Hot on the heels of the yellow dot non-issue and the antenna death grip non-issue comes a new non-issue about Exchange not working right. Apparently some nerds at MIT experienced difficulties with iOS 4 and Microsoft Exchange. Now the story is just starting to gain some traction on sites like ZDNet. Some people say that they lose all their Exchange Calendar appointments when they upgrade. Others say that their mail doesn’t work, or the phone keeps going out trying to download messages and can’t get them and then your battery runs down. Or something. I haven’t actually read the reports.
The truth is, there is no problem with Exchange on iOS 4. It works great. In fact, Exchange works better on iOS 4 than on any other platform. It just flies. It’s amazing.

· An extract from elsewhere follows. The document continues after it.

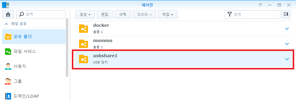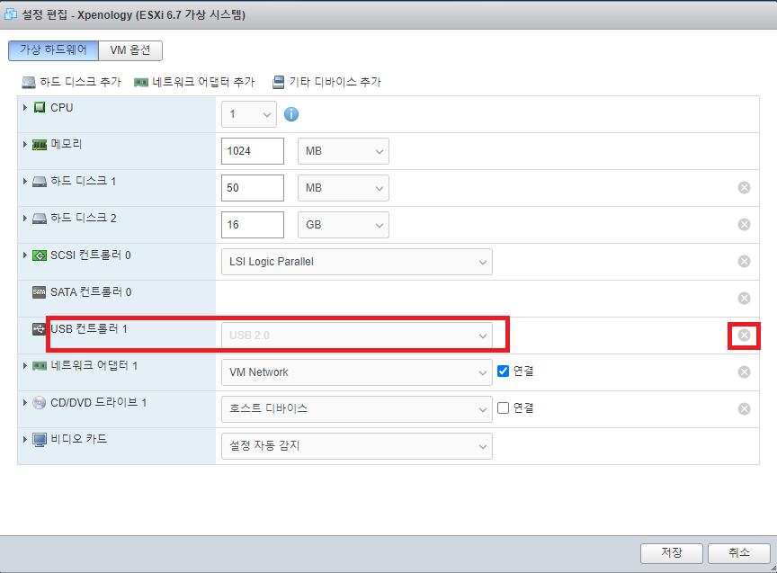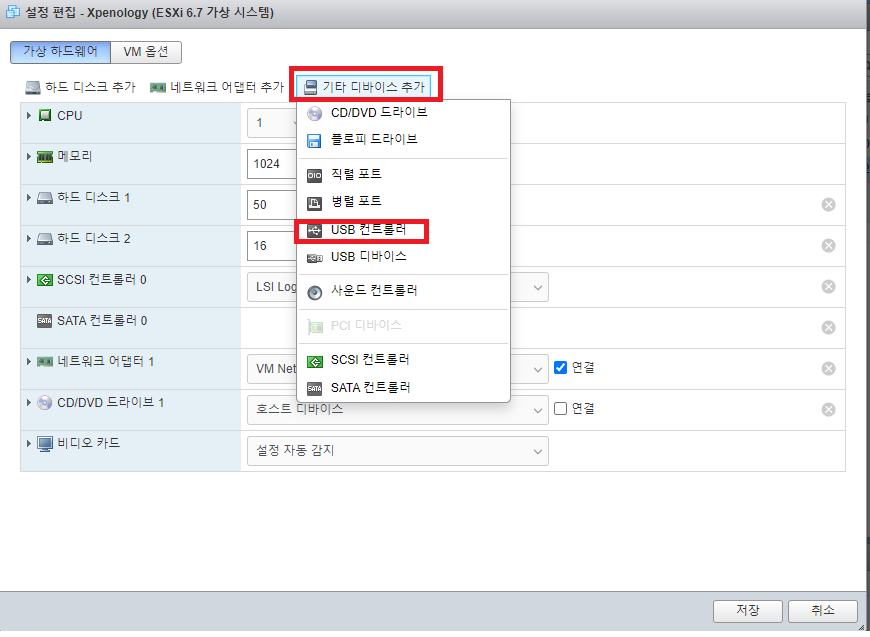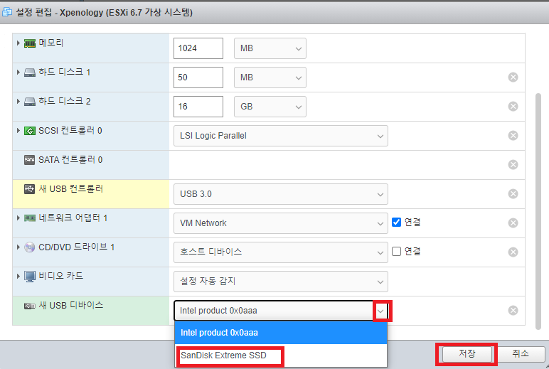 가상시스템의 전원을 켜고 Xpenology의 관리페이지로 이동하여 확인해보면, USB 장치가 추가된 것을 볼 수있습니다.

Unfortunately I can’t tell that to our customers until someone writes me an email complaining about it. Because this is now the only way I am allowed to communicate with the world outside Apple. Someone writes to me, and I write back, and then that person gives that email to a blog or something, and everyone passes it around, and this is how Apple does things now. Don’t ask me why. Katie says people like when the answer comes from me personally, even though it doesn’t really come from me personally, it comes from someone who works for me personally, and of course everyone knows this but they all pretend that they don’t know it because they want to believe that they live in a world where they can write to Steve Jobs and Steve Jobs will write back to them, personally.
So anyway, would someone please work up a quick email so that I can respond to it and tell everyone that there is no problem? Correct form on your complaint email goes like this: Start out by groveling, and saying how much you love Apple and how amazing the new phone is, then state the nature of your problem in a way that is both awkward and unclear, then grovel a bit more and ask me to fix it. I will send back a terse, cryptic response telling you that you’re wrong, and that there is no problem, and/or that you should just switch to a different kind of email, no big deal.
Namaste, true believers, and as always, thank you for your help in spreading the good word.